Clinical ModernBERT: An efficient and long context encoder for biomedical text (2504.03964v1)

Published 4 Apr 2025 in cs.CL, cs.AI, and cs.LG

Abstract: We introduce Clinical ModernBERT, a transformer based encoder pretrained on large scale biomedical literature, clinical notes, and medical ontologies, incorporating PubMed abstracts, MIMIC IV clinical data, and medical codes with their textual descriptions. Building on ModernBERT the current state of the art natural language text encoder featuring architectural upgrades such as rotary positional embeddings (RoPE), Flash Attention, and extended context length up to 8,192 tokens our model adapts these innovations specifically for biomedical and clinical domains. Clinical ModernBERT excels at producing semantically rich representations tailored for long context tasks. We validate this both by analyzing its pretrained weights and through empirical evaluation on a comprehensive suite of clinical NLP benchmarks.

Summary

The paper presents Clinical ModernBERT, a model that integrates innovations like RoPE, Flash Attention, and an 8,192-token context to enhance biomedical text processing.
The methodology combines large-scale pre-training on 40M PubMed abstracts and MIMIC-IV notes with structured medical ontologies for improved semantic understanding.
Empirical results demonstrate superior performance in both short-context and long-context tasks while offering efficiency and scalability in clinical settings.

Clinical ModernBERT: An Efficient and Long Context Encoder for Biomedical Text

Introduction to Clinical ModernBERT

The development of LLMs tailored for biomedical text has advanced significantly, aiming to address specific challenges associated with the domain's complexity and varied nature. Clinical ModernBERT is a specialized transformer-based encoder leveraging architectural innovations from ModernBERT to enhance performance in biomedical and clinical settings. This model is built upon large-scale datasets, including biomedical literature, clinical notes, and medical ontologies, effectively integrating domain-specific knowledge into its pre-training.

Architectural Innovations

Clinical ModernBERT adopts several enhancements originally introduced in ModernBERT, such as Rotary Positional Embeddings (RoPE), Flash Attention, and an extended context length of up to 8,192 tokens. These features contribute to a more efficient and scalable performance compared to previous models:

Rotary Positional Embeddings (RoPE): This approach embeds positional information in a rotation-based format, facilitating improved generalization for longer sequences.
Flash Attention: Reduces the memory and computational cost of self-attention mechanisms, enabling efficient handling of extended contexts.
Extended Context Length: Supports sequences up to 8,192 tokens, enabling processing of long-form biomedical documents.

Pre-Training Methodology

The pre-training phase utilizes a diverse corpus, combining structured medical ontologies with unstructured clinical and biomedical texts. This setup ensures that Clinical ModernBERT can effectively handle the specialized vocabulary and syntax typical of biomedical literature.

Figure 1: Medical Code Ontologies Construction: An illustration of structured ontology construction across multiple ICD code versions.

Clinical ModernBERT's pre-training includes approximately 40 million PubMed abstracts and clinical notes from the MIMIC-IV dataset. The incorporation of structured medical ontologies provides a robust framework for encoding medical concepts, enhancing semantic learning and facilitating tasks like entity normalization and concept linking.

Empirical Validation

The effectiveness of Clinical ModernBERT is demonstrated through a series of benchmarks and latent space analyses.
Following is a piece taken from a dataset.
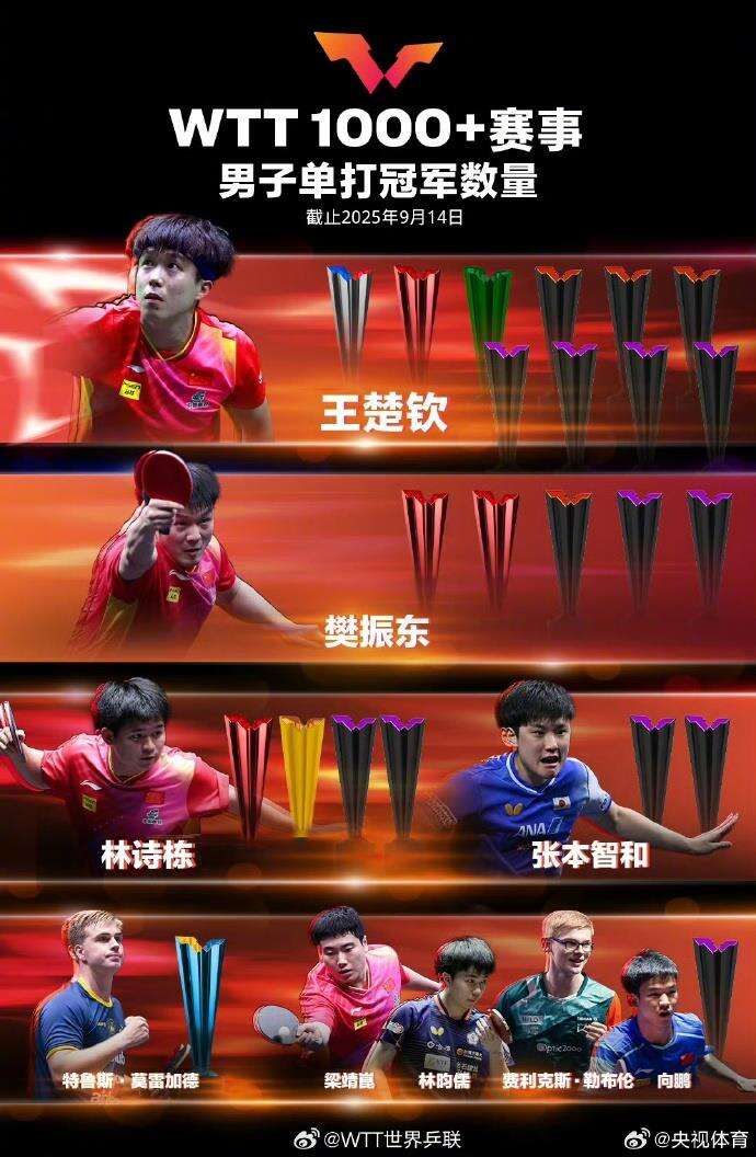 男单方面,王楚钦以10座奖杯荣登榜首!

It consistently outperforms other baseline models, including BioClinicalBERT and Clinical Longformer, across various NLP tasks, reflecting substantial improvements in domain adaptation and representational capacity.

Figure 2: ICD-9 tSNE Latent Space Visualization: A tSNE visualization of the ICD 9 Diagnoses codes using modernBERT versus Clinical ModernBERT.

The model achieves competitive results on both short-context tasks like EHR classification and long-context tasks such as those found in the i2b2 shared task suite. Additionally, the efficiency gains from Flash Attention and optimized encoding strategies allow for practical deployments in resource-constrained clinical settings.

Efficiency and Scalability

Clinical ModernBERT exhibits significant computational benefits over existing models, as shown in comparative performance analyses. Its lower processing times across varying data volumes make it particularly suitable for real-world clinical applications where efficiency and scalability are critical.

Figure 3: Comparative Performance Analysis of BERT Models: Demonstrating processing time requirements across three BERT variants as data volume increases.

Conclusion

Clinical ModernBERT represents a substantial advancement in biomedical NLP, emphasizing efficient, long-context processing tailored for specialized medical domains. It integrates architectural innovations and domain-specific pre-training, yielding a model that outperforms predecessors in both practical and theoretical dimensions. Future developments may explore the integration of Clinical ModernBERT with multimodal medical data, expanding its applicability and effectiveness in clinical decision support systems. As the model is publicly available, it stands to contribute significantly to ongoing research and development efforts in medical NLP applications.